Speaking of Mal, he was tied to a wooden chair Todd had found that somehow survived the test of time by old rope that wasn’t as miraculous in its survival. Those weren’t the only precautions Todd had taken; he had no idea if Mal could regain the energy to shift his body, and he didn’t give him the chance. He’d stripped off the boots, and then socks, and then taken the next layer down off, too. And he gave the man’s hands the same treatment. They’d sting like a bitch when Mal woke up, but Todd wasn’t taking many chances.

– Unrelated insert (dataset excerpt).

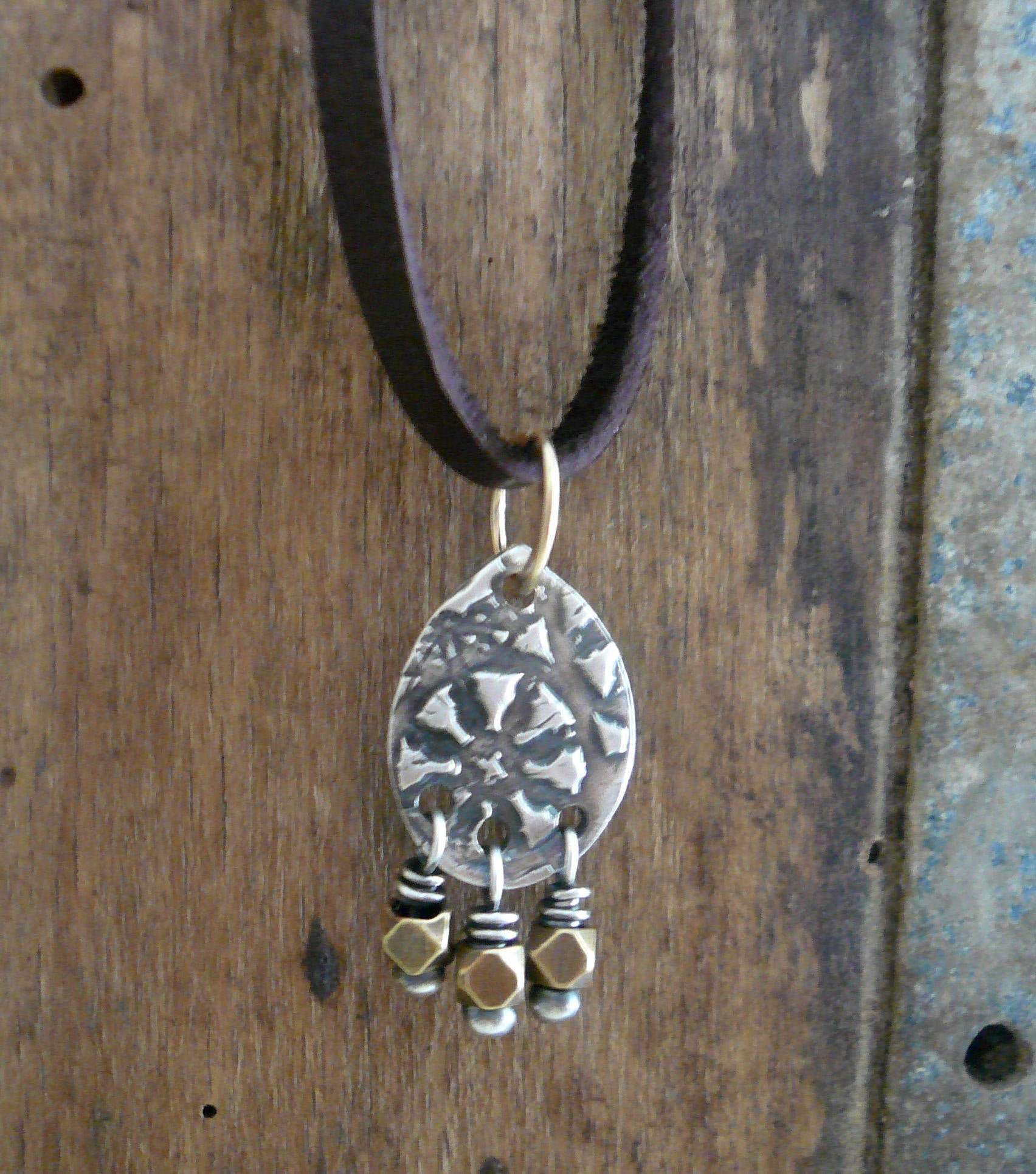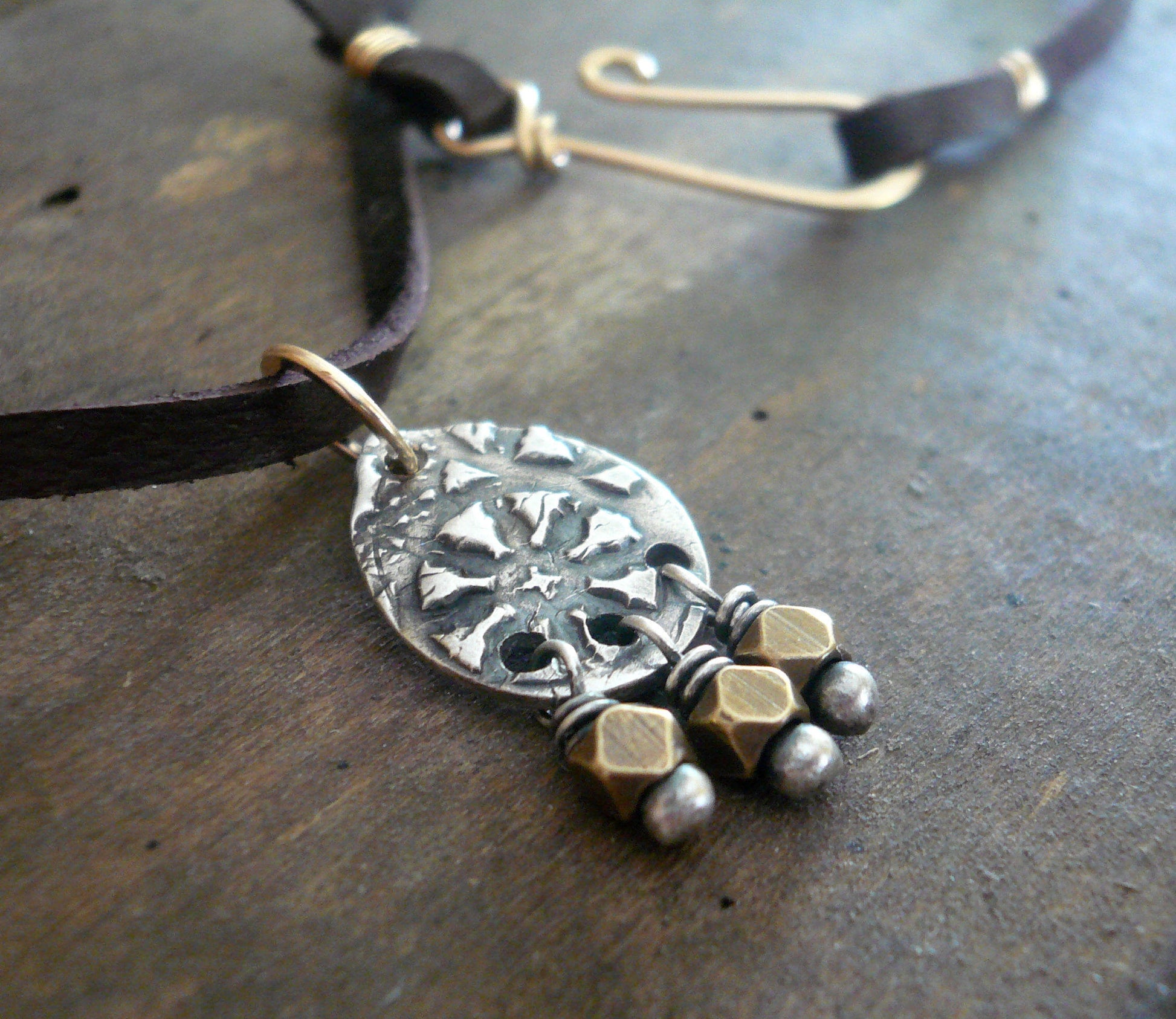 Soleil Collection Drops Necklace- Oxidized fine silver. Brass. 14kt Goldfill. Leather. Mixed Metal. Handmade

He’d learned a lot about the man called Malachite in the span of an hour, before the hunger had finally banished the calm that came with remembering that his food was a real person and he’d gotten to work on the first body he’d dragged back to his den. He chewed on the thug he’d called Driver Number 3 – the most accessible of all the bodies, and one he was sure was still alive, if out cold; he didn’t even wake up for his own execution – and on the information gleaned from the bits and bobs on the second table.
Malachite’s real name was Jasper Malcolm Torres,and he was 34 years old. He worked with two people, who called themselves Obsidian and Sulfur, and possibly a third person who kept their phone number blocked. Apparently, Jasper Torres hadn’t found it necessary to turn on the setting that required his attention to open the phone, which was how he’d gotten most of the rest of the intel he had. Obsidian or sulfur would send names, places, brief and unhelpful instructions, and then there’d be nothing.
But it wasn’t enough to work with, predictably so. That was why Todd had gotten through the head, organs, ribs, and arms of Driver Number 3 (who was a man named Mark Peters and was much less interesting than Jasper Torres, and nowhere near as pretty), instead of putting Jasper Torres out of both of their misery.
Thoroughly blood-soaked, Todd sat unmasked and cross-legged on the table across from Malachite, feeling marginally more alive than he had when he’d arrived. Still cold, though. The food had helped his miserable body finish mending, nothing more. The bruises had turned the sickly yellow of their final phase of healing, and he could finally breathe without a hitch.
He’d made it through the upper part of the last leg when he heard Jasper’s body sigh. He debated speaking, but he couldn’t be sure just yet if that was sleep or a sign of life. Instead, he bit down with a visceral crunch on the last knee and chewed, blue eyes on his prisoner's face. He'd made a scene; he wanted to see how Jasper Torres would interpret it before saying anything at all.